Take nothing but the lines from the one with "Hier finden Sie" through the one with "Усилен метален такер" in the entries below, both ends kept, and return them exactly with pictures left out.

Dataset excerpts
==*==
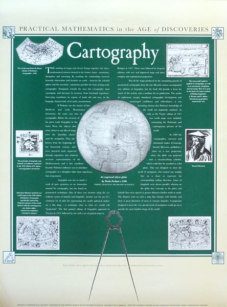 Kreślenie map jest zwieńczeniem działań prezentowanych na poprzednich plakatach. Wymaga wiedzy z astronomii, nawigacji i prowadzenia pomiarów w terenie. Istnieje ścisły związek między położeniem punktów i obszarów na sferze niebieskiej i sferze ziemskiej, zaś rozwój nawigacji sprzyja wzrostowi zapotrzebowania na mapy, a jednocześnie pozwala na ich dokładniejsze kreślenie, dzięki bezpośrednim obserwacjom.
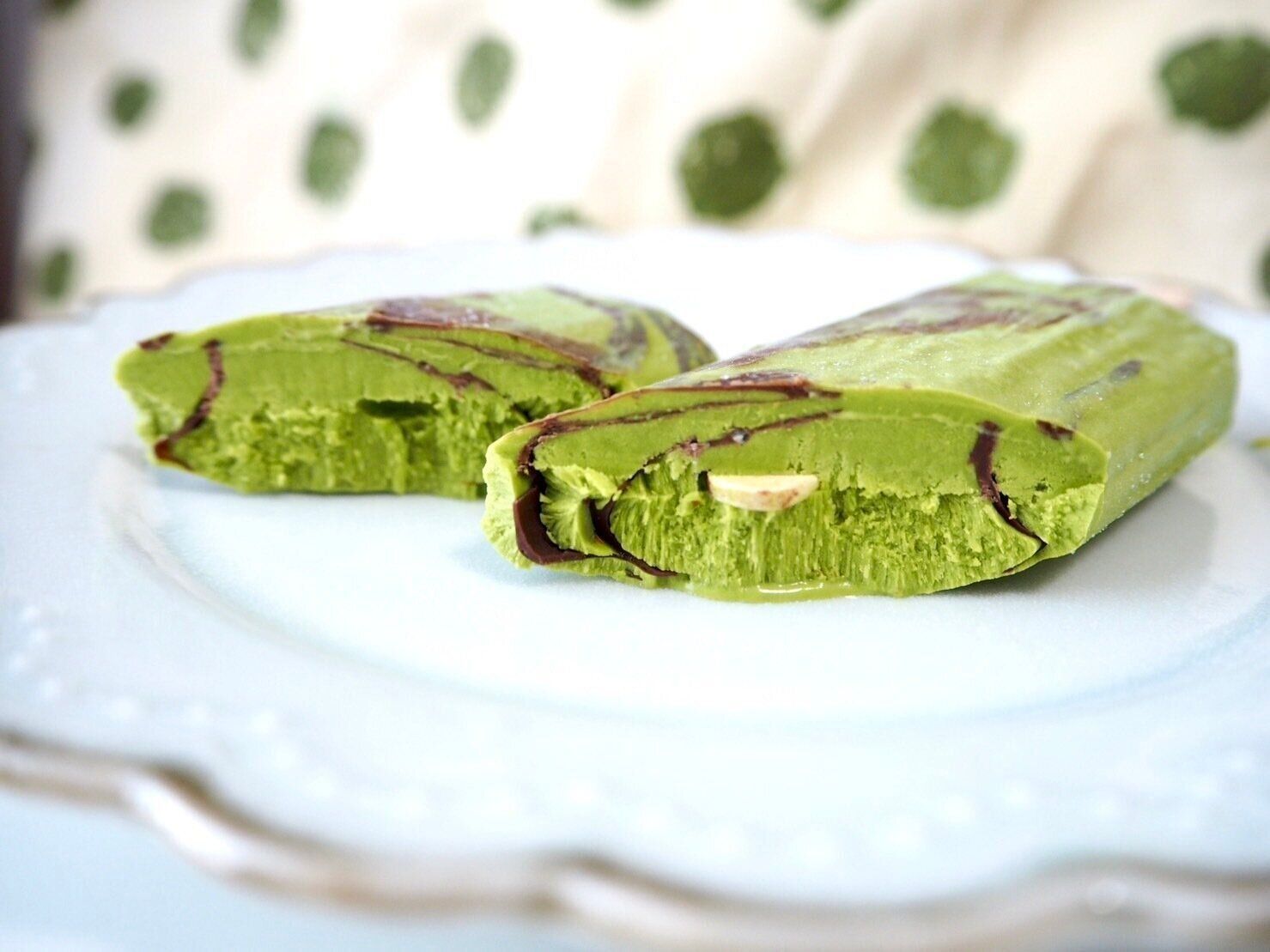 アイスのボディは渋い緑色で、表面を見るとスイートチョコがランダムに入っているのが分かります。
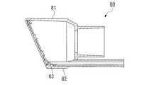 第4の実施形態と第1の実施形態との異なる点は、第1の実施形態ではキャップ部11が略円筒形状であるのに対して、第4の実施形態における内視鏡用フード80では、図8及び図9に示されるように、キャップ部81が外壁から突出し先端に向かって延在する突条部82を有すると共に、内面に突条部82に対応した溝部83が形成され、溝部83に軟性チューブ16の先端側が配されている点である。  The difference between the fourth embodiment and the first embodiment is that the
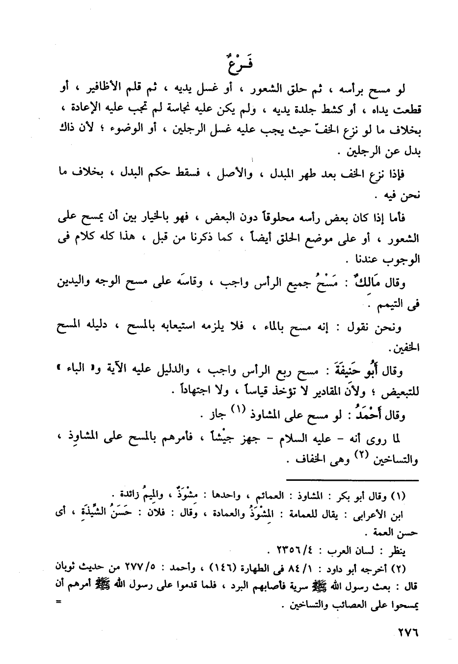 فأما إذا كان بعض رأسه محلوقًا دون البعض، فهو بالخيار بين أن يمسح على الشعور، أو على موضع الحلق أيضًا، كما ذكرنا من قبل، هذا كله كلام في الوجوب عندنا.
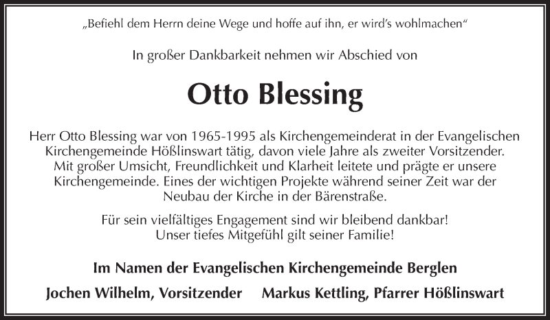 Hier finden Sie alle Traueranzeigen aus der Zeitung, die bisher für Otto Blessing erschienen sind. Weitere Traueranzeigen, die in der Zeitung erscheinen, werden hier ebenfalls aufgelistet
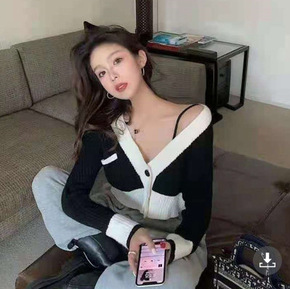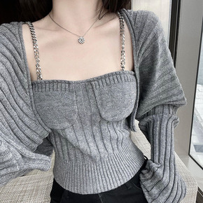 【迷人锁骨杀】针织开衫毛衣外套女春秋新款链条吊带上...
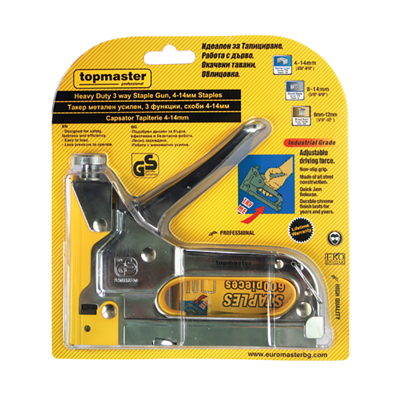 Усилен метален такер с дълбочина на пробиване 4 - 14 мм. Разполага с 3 функции. Идеален за тапициране, работа с дърво, окачени тавани, облицовка.
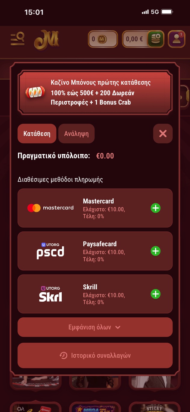 Για τις καταθέσεις έχετε την επιλογή ανάμεσα σε Mastercard, Paysafecard, eWallets (Skrill, Neteller και MiFINITY) καθώς και κρυπτονομίσματα (Bitcoin, Litecoin, USDT και Dogecoin). Συνολικά δηλαδή εννέα εναλλακτικές για να διαλέξετε.
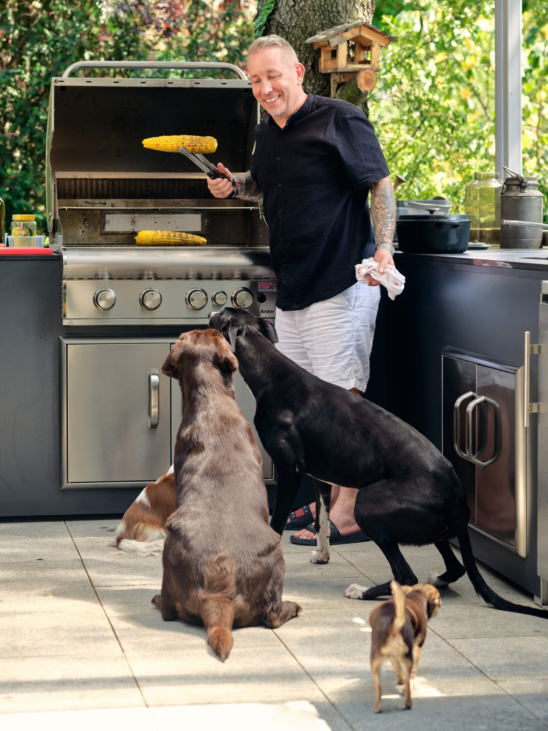Egyértelmű volt, hogy a kinti konyhát átköltöztetjük. Nagyon remélem, lesz még mód arra, hogy felavassuk ebben a szezonban is. Imádok grillezni, ehhez pedig olyan konyhát álmodtam meg, amely tökéletes arra, hogy sok embert ellásson, de akár forgatásokra is alkalmas. A legjobb mikor mind együtt vagyunk, a család, barátok megtöltik a kertet én pedig sütögetek nekik.
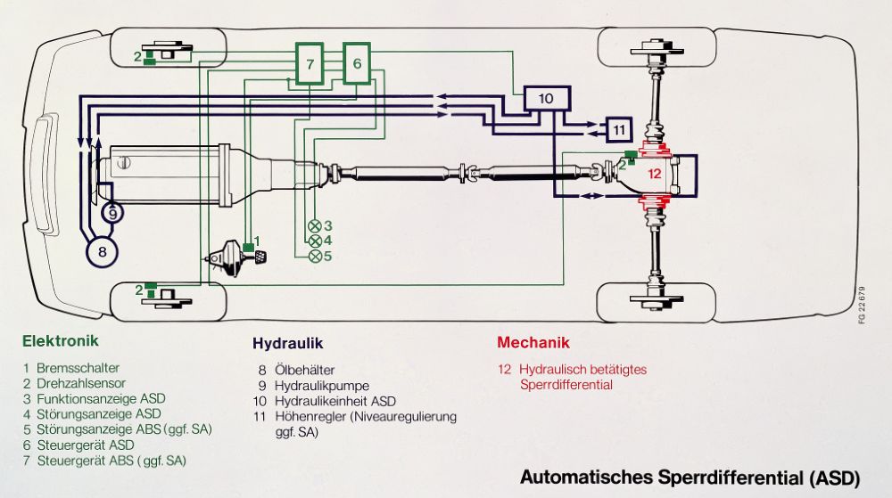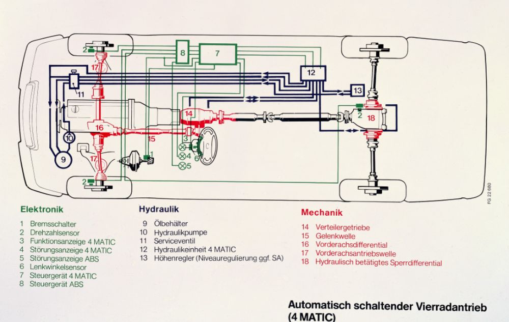 Mercedes-Benz introduit alors trois systèmes innovants : le différentiel autobloquant ASD, l’antipatinage ASR et la transmission intégrale 4MATIC. Le 4MATIC, disponible dès 1987 sur les berlines et les breaks à moteur 6 cylindres, est le plus onéreux. Ces technologies placent la marque à l’avant-garde de la sécurité active.
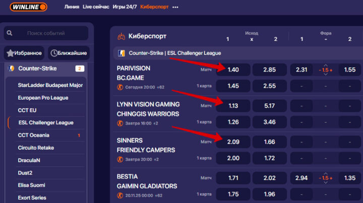Для оформления экспресса в Winline необходимо добавить в купон минимум два независящих друг от друга события. К примеру, решено поставить на победы номинальных хозяев в трех поединках на ESL Challenger League. Как это сделать:
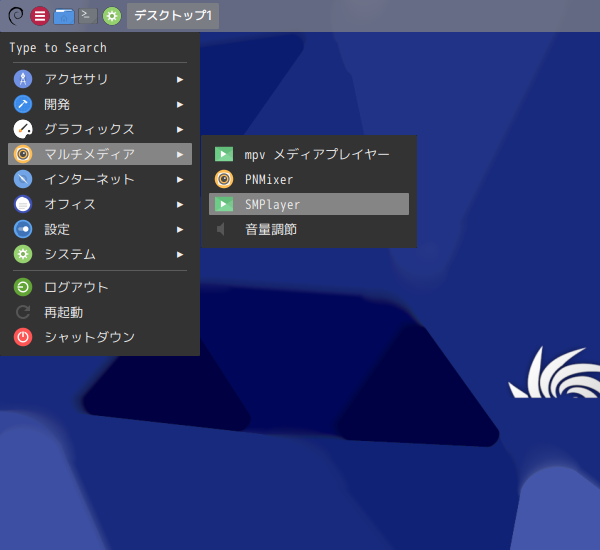 1. 概要 マルチメディアプレイヤーとして、「SMPlayer」をインストールして使用します。 2. インストール 「Synaptic」で、「smplayer」を検索して、インストールします。 3. 起動 「スタート」→「マルチメディア」→「SMPlayer」
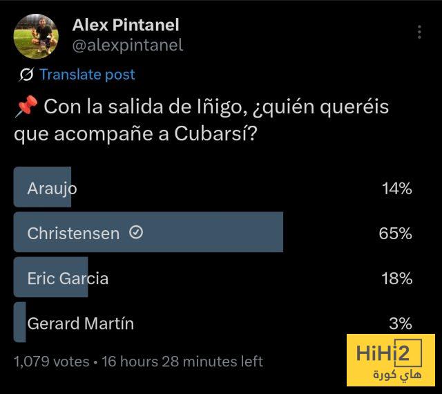 هاي كورة – أجرى الصحفي الكتالوني أليكس بينتانيل استفتاءً عبر حسابه الرسمي على منصة إكس، لمعرفة رأي جماهير نادي برشلونة حول أفضل مدافع ليكون بديلاً لإينيغو مارتينيز بعد رحيله عن الفريق في فترة الانتقالات الصيفية الحالية.
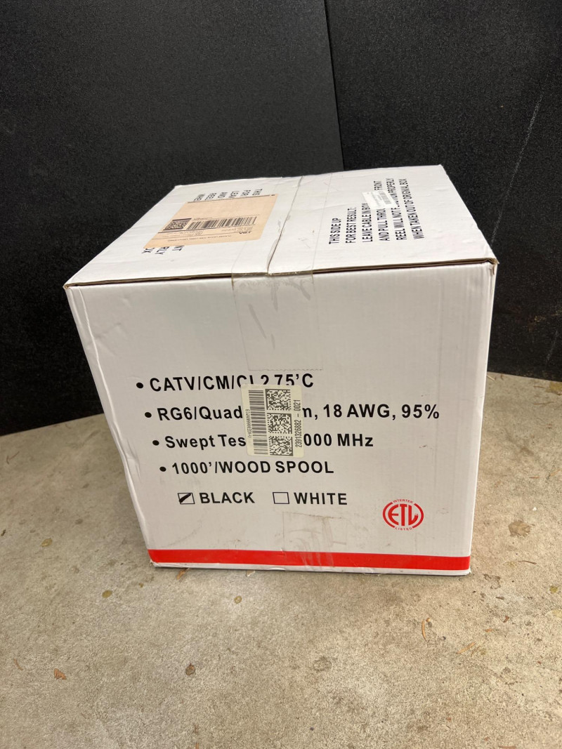 Lot # 189 - CATV Black 1000 Feet on Wood Spool - Unopened Box
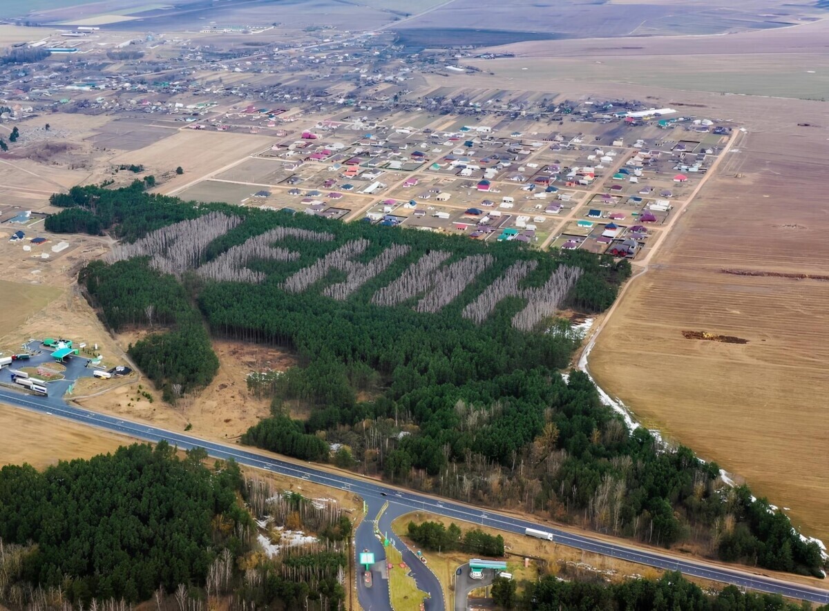 Технология описана так: фоном послужит массив из берёз, а сами символы — «9 Мая» — будут высажены деревьями сосны, которые должны контрастировать с белыми стволами берёз при взгляде сверху.
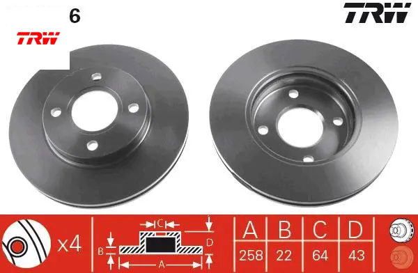 Ön fren aynası focus 98-04 fıesta 1.4tdci 96 fusıon 02 ka 03 2 03 258x22x4dlxhavalı 8213017 trw 98ab1125bd/ 4077455/ tamt1125fcs
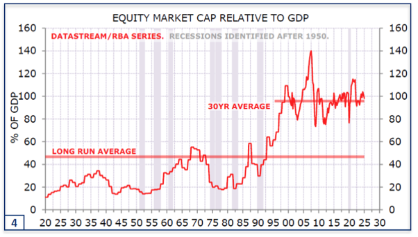 Perhaps more concerning for index investors is the fact that the size of the share market compared to GDP has been relatively constant in the past 30 years.
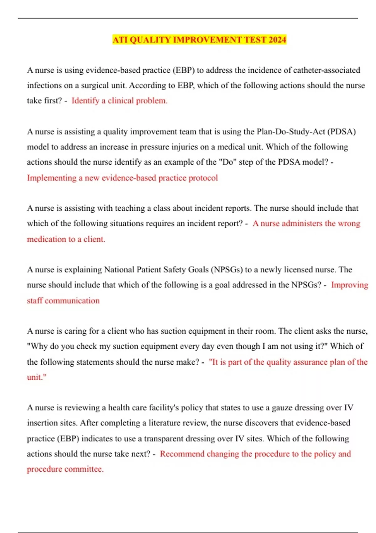 ATI QUALITY IMPROVEMENT TEST 2024 A nurse is using evidence-based practice (EBP) to address the incidence of catheter-associated infections on a surgical unit. According to EBP, which of the following actions should the nurse take first? - Identify a clinical problem. A nurse is assisting a quality improvement team that is using the Plan-Do-Study-Act (PDSA) model to address an increase in pressure injuries on a medical unit. Which of the following actions should the nurse identify as an example of the "Do" step of the PDSA model? - Implementing a new evidence-based practice protocol A nurse is assisting with teaching a class about incident reports. The nurse should include that which of the following situations requires an incident report? - A nurse administers the wrong medication to a client. A nurse is explaining National Patient Safety Goals (NPSGs) to a newly licensed nurse. The nurse should include that which of the following is a goal addressed in the NPSGs? - Improving staff communication A nurse is caring for a client who has suction equipment in their room. The client asks the nurse, "Why do you check my suction equipment every day even though I am not using it?" Which of the following statements should the nurse make? - "It is part of the quality assurance plan of the unit."
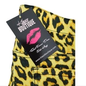 American Bazi ~Woman Plus Size 3X~Yellow/Black Animal Print Pants Cotton Blend NWT.
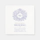 Circling leaf design monogram wedding napkins. Add your own couples monogram initials, name and wedding date in blue purple and grey on a white background. Other colours and matching wedding items available. © Original leaf drawing and design by Sarah Trett for www.mylittleedenweddings.com on zazzle.
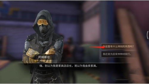 2、找到店门口的阿姆斯壮店长,点击交谈。
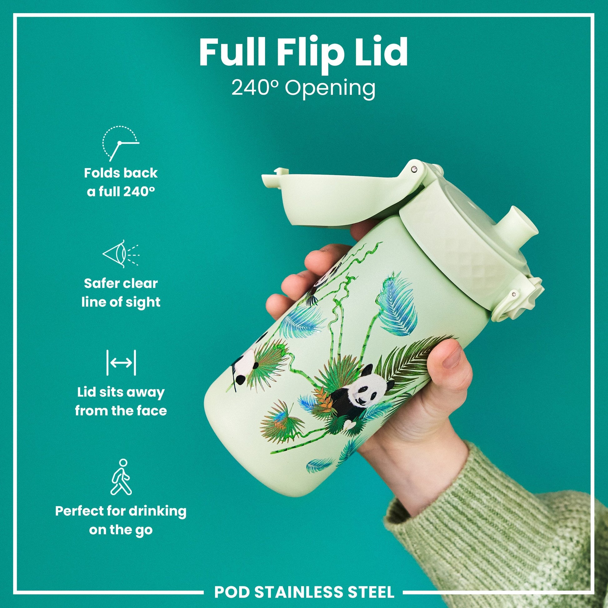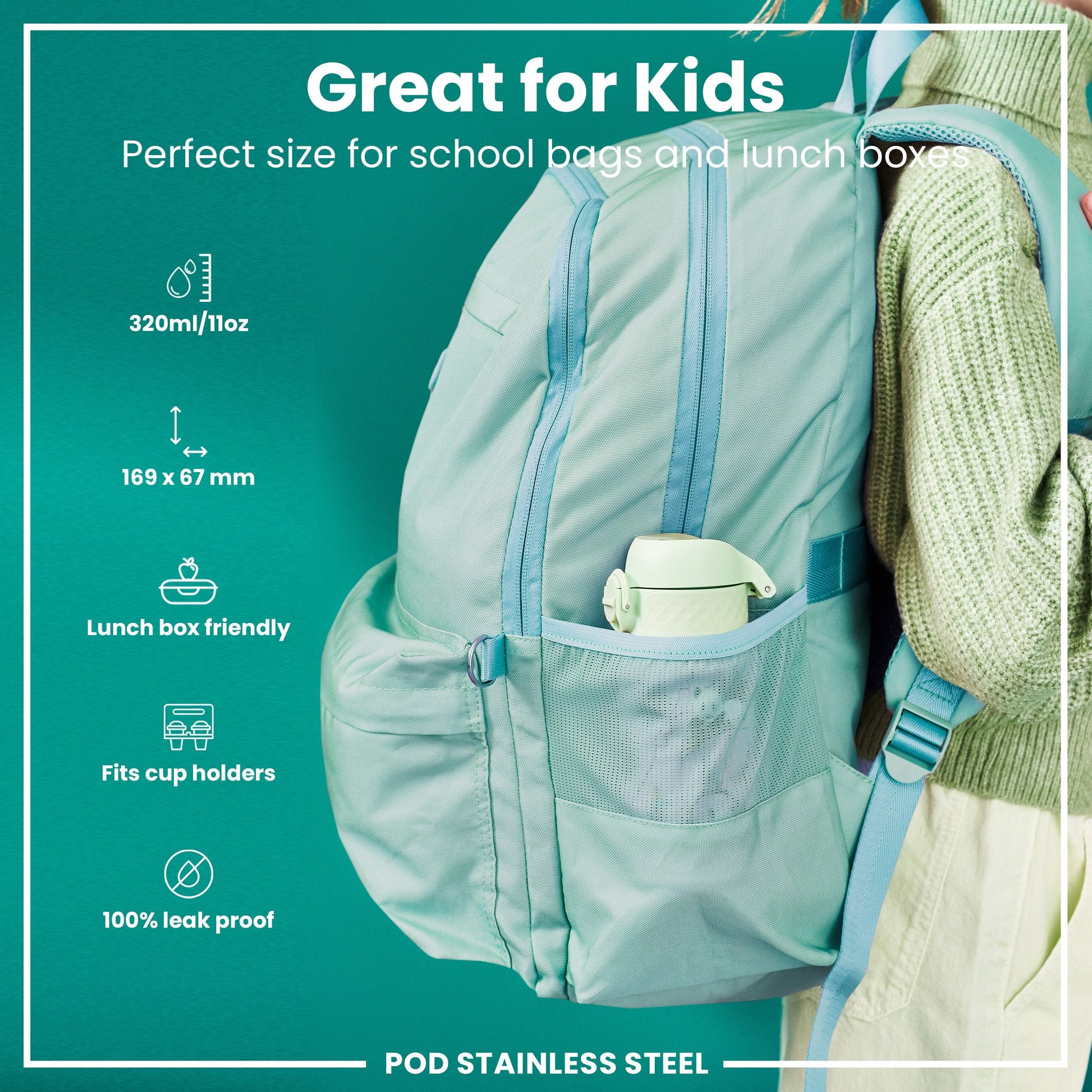 100% leak proof 320ml / 11oz kids vacuum insulated double wall stainless steel water bottles with a smooth flow for spill-free hydration and hygienic full-flip top cover for one handed use on-the-go. Keeps hot drinks hot and cold drinks icy cold and fresh for hours.
==*==
Solution
 Hier finden Sie alle Traueranzeigen aus der Zeitung, die bisher für Otto Blessing erschienen sind. Weitere Traueranzeigen, die in der Zeitung erscheinen, werden hier ebenfalls aufgelistet
 【迷人锁骨杀】针织开衫毛衣外套女春秋新款链条吊带上...
 Усилен метален такер с дълбочина на пробиване 4 - 14 мм. Разполага с 3 функции. Идеален за тапициране, работа с дърво, окачени тавани, облицовка.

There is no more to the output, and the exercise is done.